Jaume Collet-Serra, a mainly thriller director, did not disappoint with another project in his preferred genre. To begin with, the filming locations really helped him – the beach and the ocean were magnificent. Also, the beauty of nature was effectively contrasted with the terror of the situation that the main character was in. The photos that would pop-up on-screen were also a great tool for backstory, so as to make those 3 scenes of dialogue more visual. The effects, mainly the shark CGI or a model, also worked – he did seem real. The glowing jellyfish were also gorgeous. Those seagulls that were keeping Blake Lively company really reminded me of the seagulls that live in Aberdeen, Scotland (my second hometown) because they weren’t afraid of people and seagulls in Aberdeen can literally attack anyone that is passing them by.

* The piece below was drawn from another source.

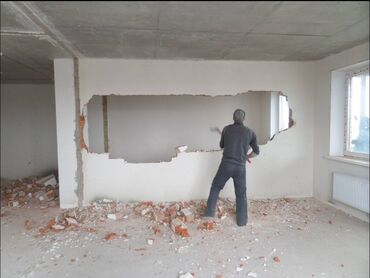 - Разборка кирпичных, пеноблочных и гипсовых перегородок, демонтаж проёмов, расширение и устройство новых проёмов.
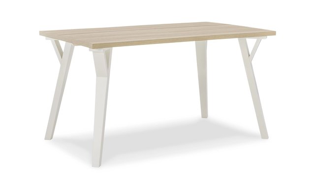 Bring light to your dining area with clean lines and a bright two-tone finish. The rectangular dining table sports stylized saber legs in a white finish for beautiful simplicity. The melamine top in a light tan color provides additional durability, marrying minimalism with big style for a delightful combination.

The handheld camera was also good (and that’s coming from a person who hates shaky cam) – the mobile frame and the close-ups depicted the fact that our character was alone on a sea really well. This feeling of fear and loneliness together with the sense of suspense made watching the movie an engaging but not a comfortable experience. The hardest scenes to watch where the actual shark attack sequence and the ‘surgery’ scene. The Shallows also had a couple of jump scares that were effective. If we would have gotten more jump scares I would accuse the film of going the easy cliche route, however, since the picture had just the right amount of jump-scares, I was okay with them. The technique that I thought was a bit overused was the slow motion – it overdramatized an already dramatic and scary situation and pushed it towards a cliche, over-the-top cartoon level. The surfing montage at the beginning was cool but the music choice was a bit cheesy – Trouble by Neon Jungle, really? The other song that I remember from the film was Sia’s Bird Set Free. It was a good song for the credits. Sia’s music have been featured in at least 4 films this summer, she is really making her mark in Hollywood. The Shallows instrumental score was great too – it helped a lot to build an anxiety-inducing atmosphere.

Acting

Blake Lively starred as the lead, named Nancy, and did an amazing job. She basically carried this whole movie. She was believable as a sporty surfer and was amazing in all the suspenseful scenes. I especially liked that close-up reaction shot where she supposedly saw the shark attacking that drunk guy. Lively just starred in the new Woody Allen film Cafe Society. She was also really good in last year’s Age of Adaline (that picture have been doing great on streaming). Lively has definitely shed her Gossip Girl persona and is probably doing the best out of all her former castmates. A few unknown Spanish actors, as well as a few familiar faces from TV, played a couple of small supporting roles but, honestly, none of them had enough of screen time for me to talk about them.

In short, The Shallows was an unexpectedly entertaining film, one of the hidden gems of this summer. Blake Lively shined and finally proved herself to be a great actress. The writing and directing were also good for the most part.